Abstract Views: 208  |  PDF Views: 0

Authors

N. Ravindran
Department of Computer Applications, Mahendra College of Engineering, India
Andrews Samraj Sheryl Oliver
Department of Information Technology, Mahendra Engineering College, India
A. Sheryl Oliver
School of Computing Science and Engineering, VIT University, India

Abstract


The healthcare monitoring on a remote care taking base involves many implicit observations between the subjects and the care takers.
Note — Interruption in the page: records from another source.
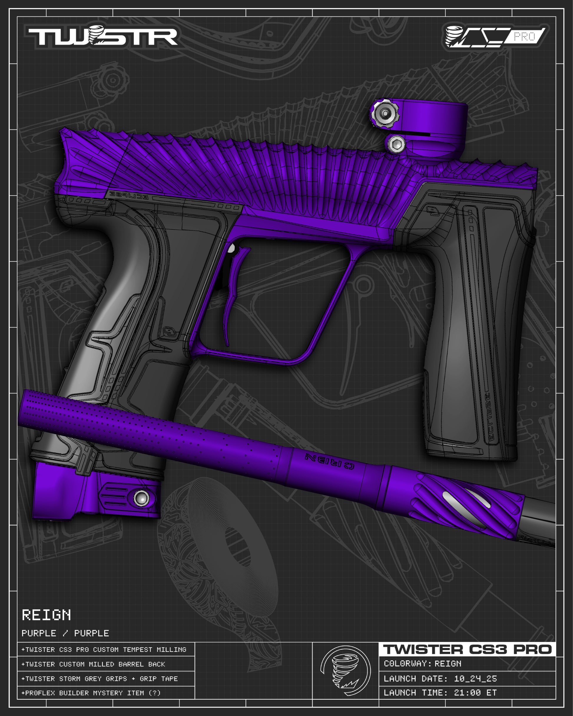 The TWSTR CS3 PRO Platform is embodiment of modern day custom, a true refinement of Planet Eclipse's the pro-proven flagship marker. Limited to only 300 TOTAL MARKERS in the First Wave of release spanning 140 stunning colorways making it the largest selection of any marker currently on the market. Featuring our new groundbreaking Tempest 3D Flow contoured “Clamshell” body-wrapped milling spanning the entire bespoke body from barrel to boltcap. Giving the marker an "SL" level of weight reducing while allowing for sculpted signature TWSTR milling, paired with exclusive color combos to add an aggressive and unique marker profile.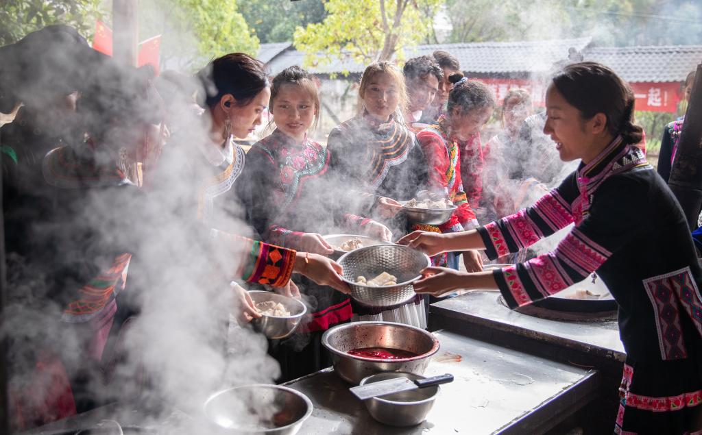 在现场,鲜红的五星红旗高高飘扬,节日祝福标语高挂屋檐。灶台旁,同学们热火朝天,干劲十足,七个柴火灶热气腾腾,地道的彝族美食坨坨肉香气四溢。广场上,优美的旋律响起,学生们和老师们手拉手,肩并着肩,围着篝火跳起彝族传统舞蹈达体舞,大家跺着脚拍着手,欢呼声和欢笑声交织在一起,喜庆、温馨、愉快的节日氛围弥漫开来。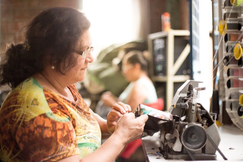 Alice Meditsch, de 26 anos, e Gabriela Ruiz Gonçalves, de 31, estão à frente da Colibrii, mas não querem levar todo o crédito pela criação das mochilas, carteiras, ecobags e outros produtos destinados a guardar coisas. Desde que começou a ser montada, entre o fim de 2013 e o início de 2014 por Gabriela e sua sócia na época, Marília Martins, a ideia da Colibrii é desenvolver os acessórios – desde o design até a confecção – junto com as próprias artesãs. “A gente conversou com elas e falou que não era só a gente ir ali com uma ideia já pronta e pedir pra elas fazerem. A gente via a importância de abrir o espaço para que existisse uma troca”, explica Gabriela.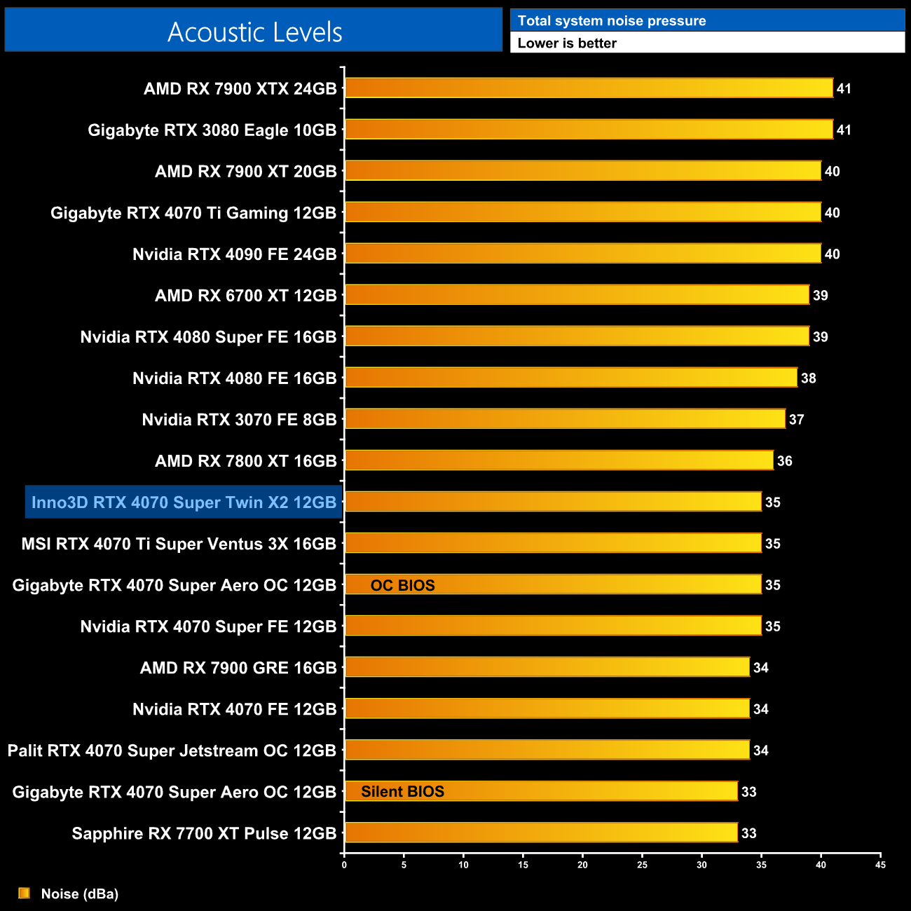 We take our noise measurements with the sound meter positioned 1 foot from the graphics card. I measured the noise floor to be 32 dBA, thus anything above this level can be attributed to the graphics cards. The power supply is passive for the entire power output range we tested all graphics cards in, while all CPU and system fans were disabled. A reading under load comes from running Cyberpunk 2077 for 30 minutes.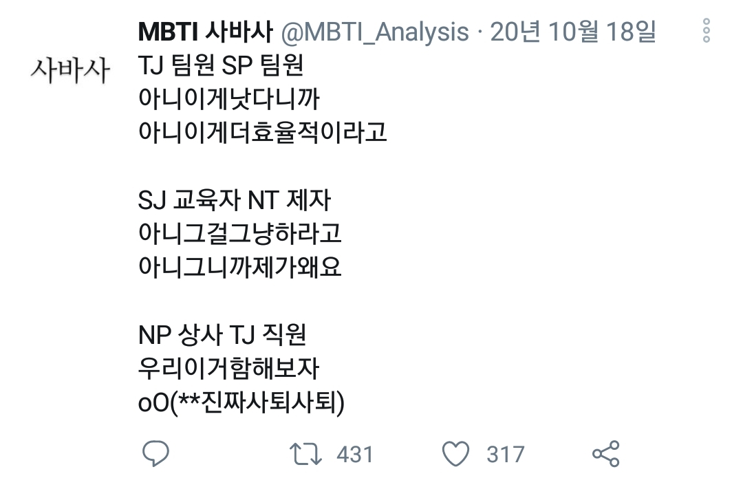 출처 : https://twitter.com/MBTI_Analysis?s=09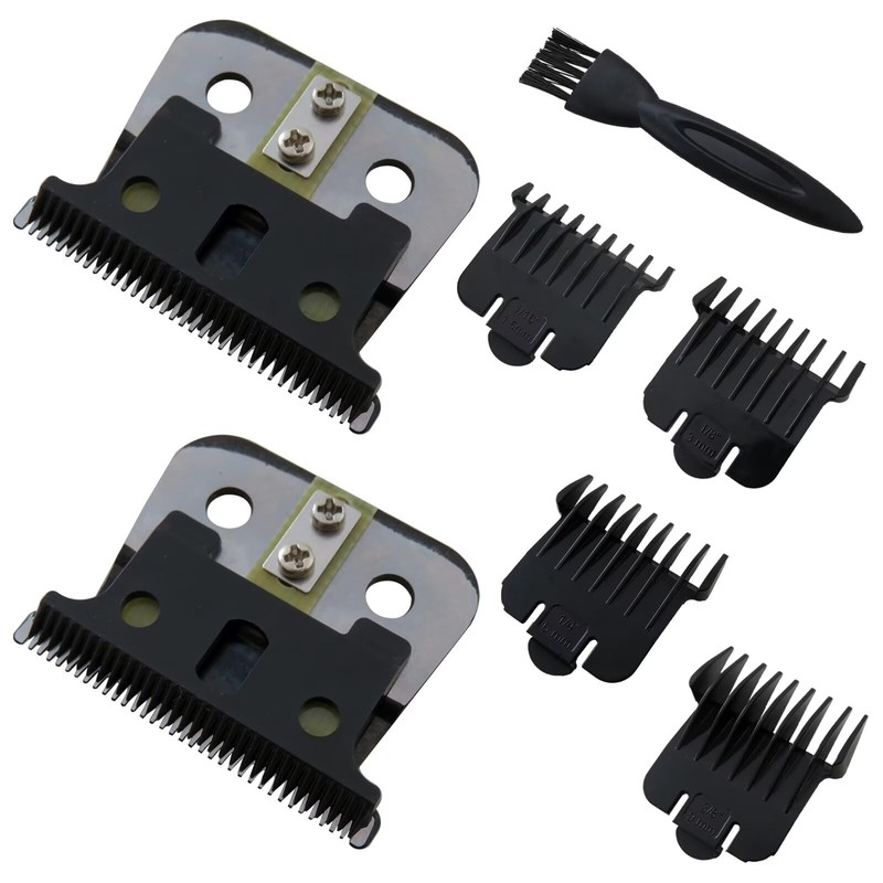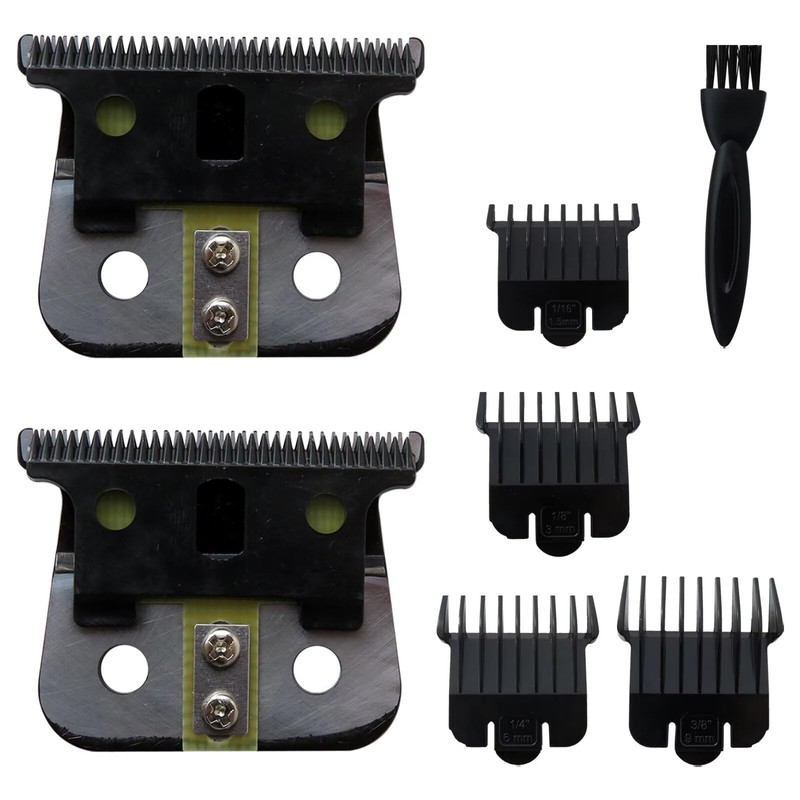 - You will Receive: 2x Black Steel T Blade, 2x Black Steel Blade, 4x Guide Comb, 1x Brush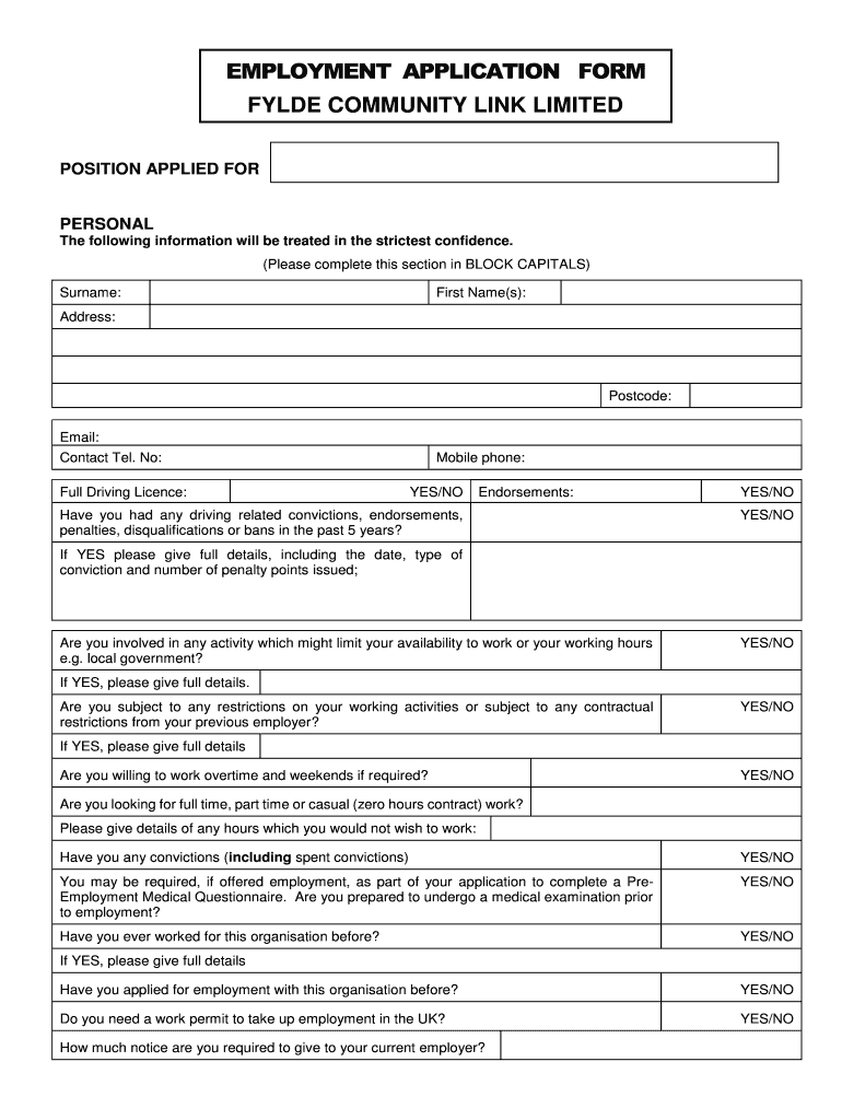 EMPLOYMENT APPLICATION FORM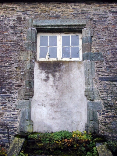 Détail : le logis, façade nord, fenêtre monumentale du 16e siècle transformée en porte-fenêtre au 17e ou 18e siècleImmatriculation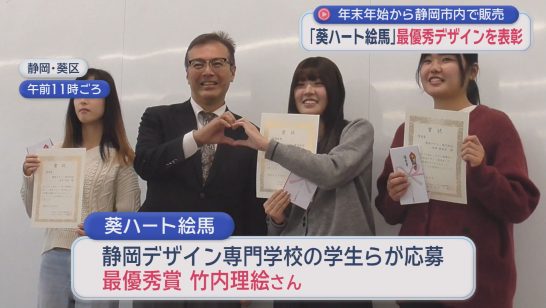 年末年始に販売される「葵ハート絵馬」 静岡デザイン専門学校の竹内理絵さんのデザイ...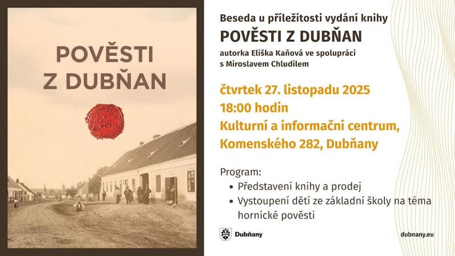 Jste srdečně zváni na besedu s autorkou u příležitosti vydání knihy „Pověsti z Dubňan".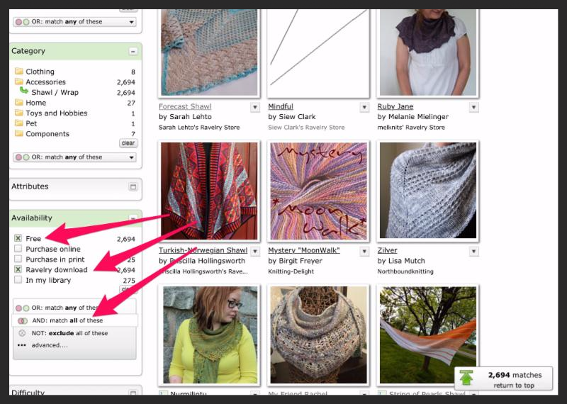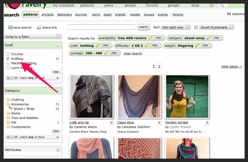Now you know how to search for a pattern with a few of Ravelry's different filters! There are many more filters you can use (try Attributes/Fabric Characteristics to search for cables or lace) so click away to see what you get!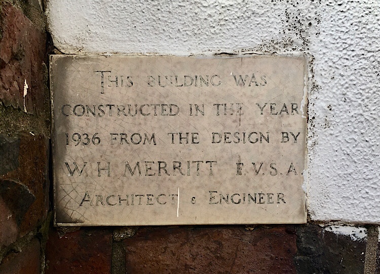 Update : thanks to info from the Art Deco & Modernism Society, it’s WHMerritt, 1936. And seems there’s a plaque near the door with that info, so I’ve now got a photo of it.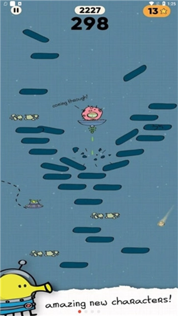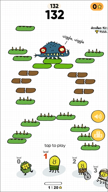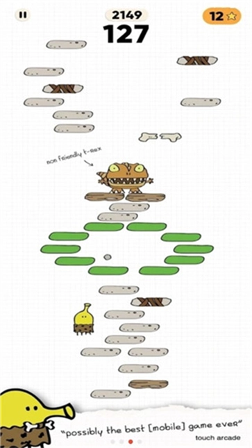 涂鸦跳跃2这款游戏采用了充满卡通漫画色彩的画面风格,延续了前作简单有趣的玩法设计,并且在第一部的基础上新增了八位全新角色,是一款十分好玩的休闲平台跳跃游戏。

Any deficit in domain knowledge and carelessness leads to unpleasant situations thereafter. A wearable attire system can precisely interpret the implicit communication of the state of the subject and pass it to the care takers or to an automated aid device. Casual and conventional movements of subjects during play and living condition can be used for the above purpose. The proposed system suggests a novel way of identifying safe and unsafe conditions of playing for the children where a rapid warning assistance is required. The same system is used in the case of the normal and contraction time identification of pregnant women. Naive Bayes classifier was applied on features created by different algorithms and on the combinations of features constructed by algorithms like Fractal Dimension, Fast Fourier Transformation, Singular Value Decomposition. The result shows in general that the combinational features with point system results in better classification. Especially the FFT and SVD were more supportive in all three sets of experiments and better classified by Navie Bayes classifier than the other combinations and individual features. But the complexity is high when going through the point system. When a priori based point system is introduced with a reduced complexity to replace the conventional point system, the enhanced results show a well-distinguished realization of different body movement activities using a wearable attire array and the interpretation consistently results in significant and identifiable thresholds.

Keywords


Bio-Signal Processing, Fractal Dimension, Naïve Bayes, Remote Monitoring, Wearable Computing.